Activity - Which lines run from the one containing "고위공직자범죄수사처 설치 및" to the end of the material below? Copy them exactly, pictures excluded.
● ● ● ● ● ● ●
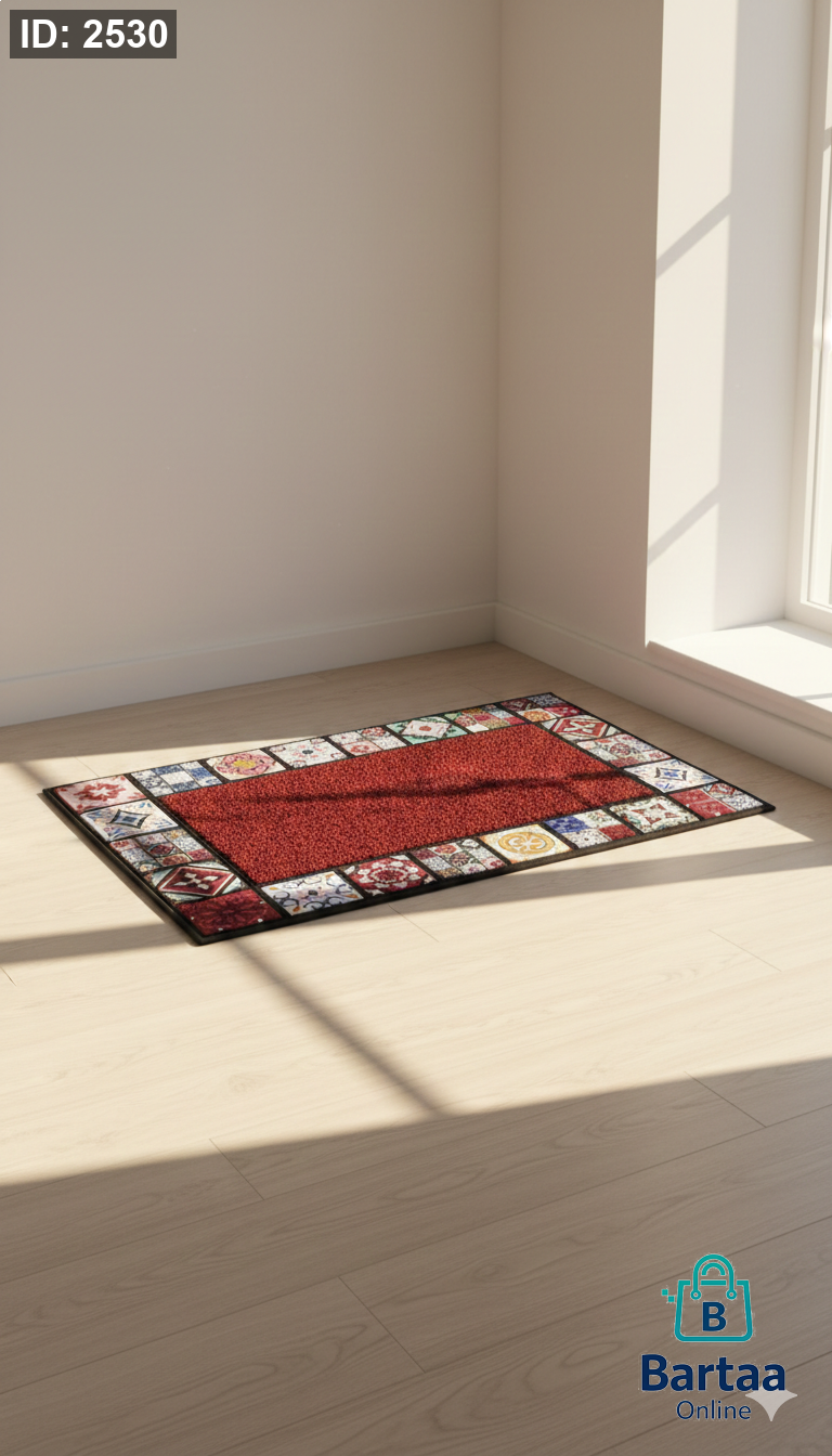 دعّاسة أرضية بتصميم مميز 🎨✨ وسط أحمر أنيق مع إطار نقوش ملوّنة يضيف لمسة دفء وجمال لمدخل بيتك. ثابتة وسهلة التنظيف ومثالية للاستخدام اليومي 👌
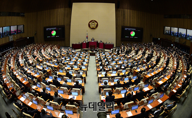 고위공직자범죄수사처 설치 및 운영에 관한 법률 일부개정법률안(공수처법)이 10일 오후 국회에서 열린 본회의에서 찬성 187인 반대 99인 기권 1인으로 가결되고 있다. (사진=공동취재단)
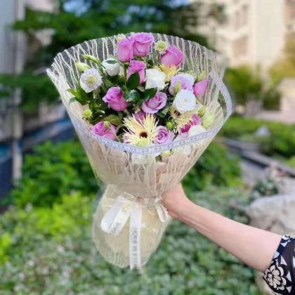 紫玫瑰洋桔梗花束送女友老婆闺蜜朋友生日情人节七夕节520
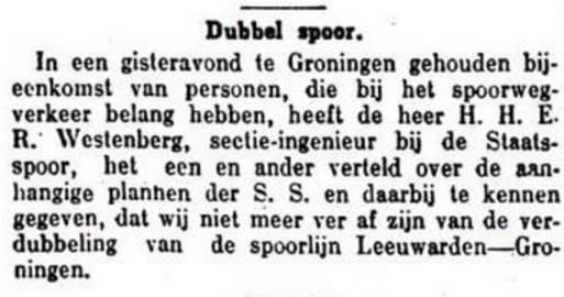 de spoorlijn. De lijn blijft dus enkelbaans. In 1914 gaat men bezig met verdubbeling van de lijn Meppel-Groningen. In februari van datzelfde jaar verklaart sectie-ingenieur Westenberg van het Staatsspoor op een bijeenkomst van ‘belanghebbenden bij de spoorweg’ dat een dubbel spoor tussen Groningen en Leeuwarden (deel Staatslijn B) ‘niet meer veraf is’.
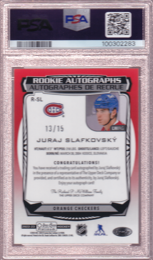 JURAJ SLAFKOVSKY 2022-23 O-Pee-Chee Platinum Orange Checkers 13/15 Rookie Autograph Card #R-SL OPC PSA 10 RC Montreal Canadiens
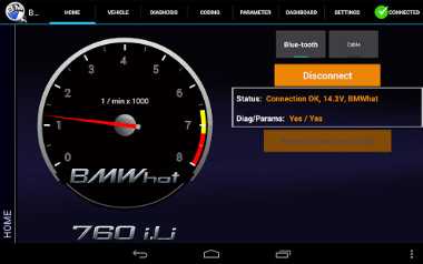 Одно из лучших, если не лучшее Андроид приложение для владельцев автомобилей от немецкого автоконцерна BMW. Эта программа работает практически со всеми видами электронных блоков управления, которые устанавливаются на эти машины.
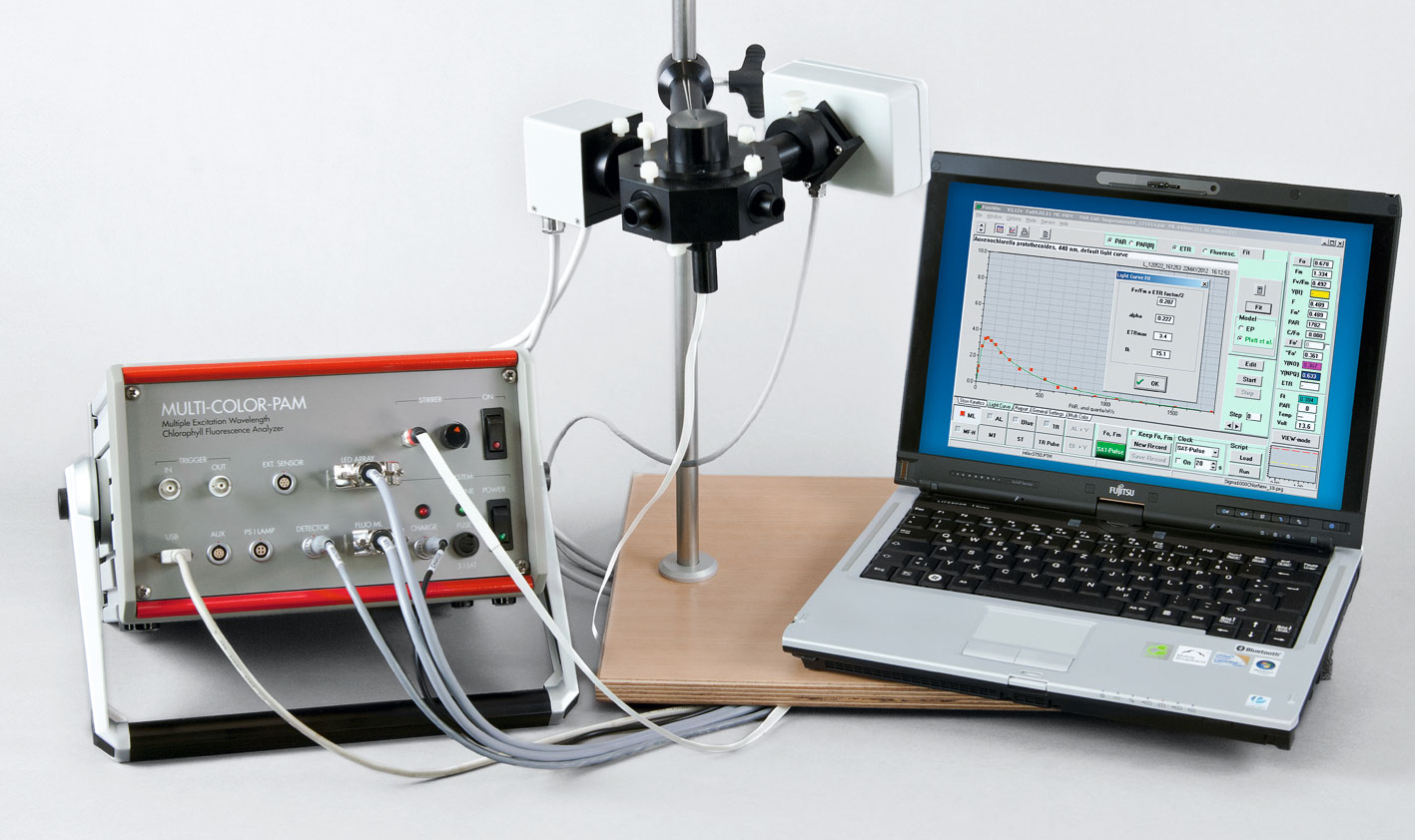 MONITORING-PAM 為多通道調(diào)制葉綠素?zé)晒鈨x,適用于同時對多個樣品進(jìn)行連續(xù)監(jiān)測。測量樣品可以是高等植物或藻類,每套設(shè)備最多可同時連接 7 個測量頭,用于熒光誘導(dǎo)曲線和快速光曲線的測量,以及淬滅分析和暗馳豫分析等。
● ● ● ● ● ● ●
Response to the exercise -
 고위공직자범죄수사처 설치 및 운영에 관한 법률 일부개정법률안(공수처법)이 10일 오후 국회에서 열린 본회의에서 찬성 187인 반대 99인 기권 1인으로 가결되고 있다. (사진=공동취재단)
 紫玫瑰洋桔梗花束送女友老婆闺蜜朋友生日情人节七夕节520
 de spoorlijn. De lijn blijft dus enkelbaans. In 1914 gaat men bezig met verdubbeling van de lijn Meppel-Groningen. In februari van datzelfde jaar verklaart sectie-ingenieur Westenberg van het Staatsspoor op een bijeenkomst van ‘belanghebbenden bij de spoorweg’ dat een dubbel spoor tussen Groningen en Leeuwarden (deel Staatslijn B) ‘niet meer veraf is’.
 JURAJ SLAFKOVSKY 2022-23 O-Pee-Chee Platinum Orange Checkers 13/15 Rookie Autograph Card #R-SL OPC PSA 10 RC Montreal Canadiens
 Одно из лучших, если не лучшее Андроид приложение для владельцев автомобилей от немецкого автоконцерна BMW. Эта программа работает практически со всеми видами электронных блоков управления, которые устанавливаются на эти машины.
 MONITORING-PAM 為多通道調(diào)制葉綠素?zé)晒鈨x,適用于同時對多個樣品進(jìn)行連續(xù)監(jiān)測。測量樣品可以是高等植物或藻類,每套設(shè)備最多可同時連接 7 個測量頭,用于熒光誘導(dǎo)曲線和快速光曲線的測量,以及淬滅分析和暗馳豫分析等。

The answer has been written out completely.